If there’s a song that never fails to cheer me up, it’s the one performed in the closing credits of Monty Python’s ‘Life of Brian’. The cast may all be bizarrely and hopelessly hanging from crosses, but are they despondent? Certainly not. They are singing: ‘Some things in life are bad . . . they can really make you mad . . . Other things just make you swear and curse, . . . when you’re chewing on life’s gristle, don’t grumble, give a whistle, and this’ll help things turn out for the best.’

There is plenty to raise our spirits as winter draws near. Autumn brings the bounty of the harvest, and as we bid farewell to salads and summer fruits we look forward to fresh winter vegetables, roast dinners and hearty bowls of homemade soups. As the eccentric TV chef and the champion of oppressed battery chickens, Hugh Double-Barrell, said last week as he extolled the delights of winter veg: ‘Consider my cockles warmed.’

It was not the changing of the clocks, nor the wet, cold Sunday last, spent by a warm log-burning stove that made me realise winter was on its way. Nor was it the shock a fortnight before of walking into the Jersey branch of a high-street chain to see its halls bedecked with vulgar tinsel Christmas decorations far too early for considered taste. I quickly exited, swearing not to return until December.

I knew winter was a-coming last Friday as the familiar smell of apples and woodsmoke wafted from The Elms across the still parish of St Mary. Inside the snug press-house, a veritable United Nations of voluntary peelers — Islanders and visitors of many nationalities — assembled for the Jersey tradition of black butter-making. And, befitting such a gathering, an accordion was playing with gusto.
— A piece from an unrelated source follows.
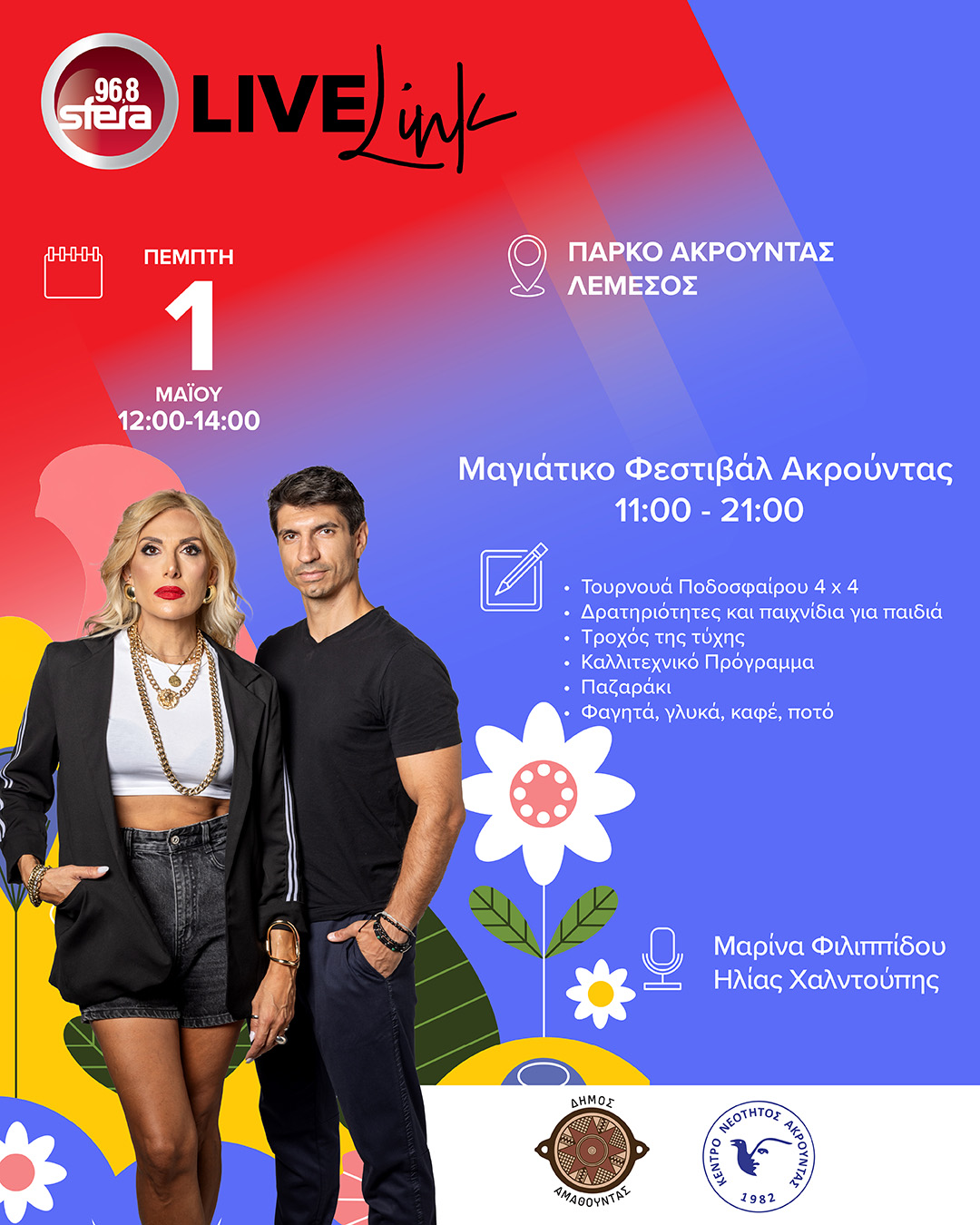 | 12:00 – 14:00 | Live Link – Sfera 96.8 with Marina Filippidou & Ilias Chaltoupis |

As the mixture bubbled in the bachîn hour after hour, day and night, stirred patiently by descendants of Jerseymen who had done the same thing in ages past, time stood still. The bonhomie and banter was fuelled by an endless supply of cider, generous servings of beancrock and apple pies, devoured eagerly by peelers with sore fingers and stirrers with aching arms.

It was a revival of a Jersey way of life long gone, forgotten by most, and unknown to the financial whizzkids and incomers who have made the Island rich — and their own fortunes — and who now face an uncertain future.
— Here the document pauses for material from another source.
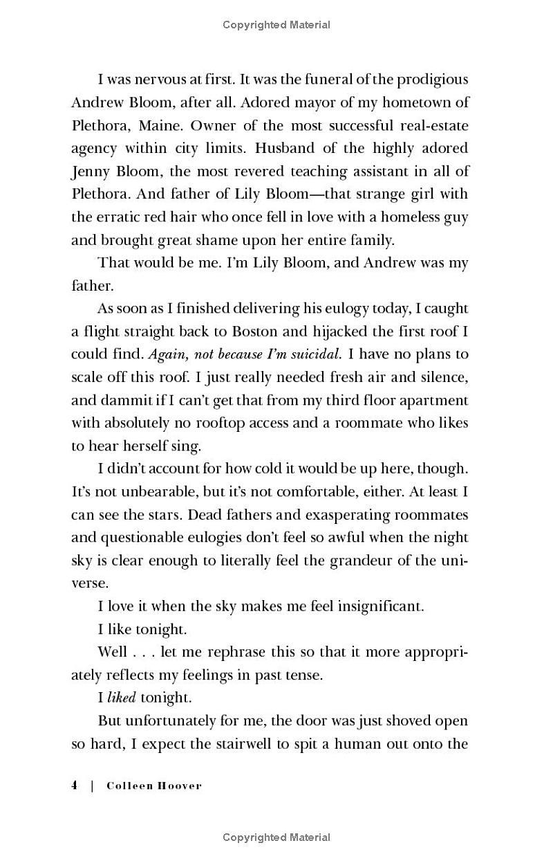 Lily hasn’t always had it easy, but that’s never stopped her from working hard for the life she wants. She’s come a long way from the small town in Maine where she grew up—she graduated from college, moved to Boston, and started her own business. So when she feels a spark with a gorgeous neurosurgeon named Ryle Kincaid, everything in Lily’s life suddenly seems almost too good to be true.

The season of mists and mellow fruitfulness is also the time when we remember casualties of a different kind from those being suffered in the world of high finance.

While summer flowers fade and die there is one that shines forth just as it did among the hell of the Western Front nine decades ago. The little red poppy, a symbol of hope, of a brighter life to come for the men who fought in the First World War, is worn with pride as we pay due respect not just to those long gone who died or were maimed on the fields of Flanders. We also remember the extraordinary generation that rose to the challenge to defeat the forces of Nazism in the Second World War and all who have fought — and continued to put their lives on the line — in the many theatres of war since then.

Wearing a poppy with pride is not a glorification of war. No country and no soldier, sailor or airman wants to wage war for war’s sake. It is a last resort when diplomacy fails or when an aggressor threatens another nation, our hard-won rights and freedoms or seeks to annihilate a belief system or a culture. The freedoms we enjoy today came about because ordinary people were willing to make extraordinary sacrifices when faced with exceptional circumstances.

We may be living in uncertain times as the world stock markets tumble, inflation soars and economies contract, but compared to the trials and tribulations overcome by the generations that fought in or endured two world wars, things could be far worse.

It is man’s ability to look on the bright side that has kept the human race going, no matter how tough the circumstances or seemingly insurmountable the hurdles. Stock markets and economies may crash and fortunes be lost, but they will rise again.

Just remember Monty Python’s advice: ‘If life seems jolly rotten, there’s something you’ve forgotten, and that’s to laugh and smile and dance and sing. When you’re feeling in the dumps, don’t be silly chumps, just purse your lips and whistle, that’s the thing. And always look on the bright side of life.’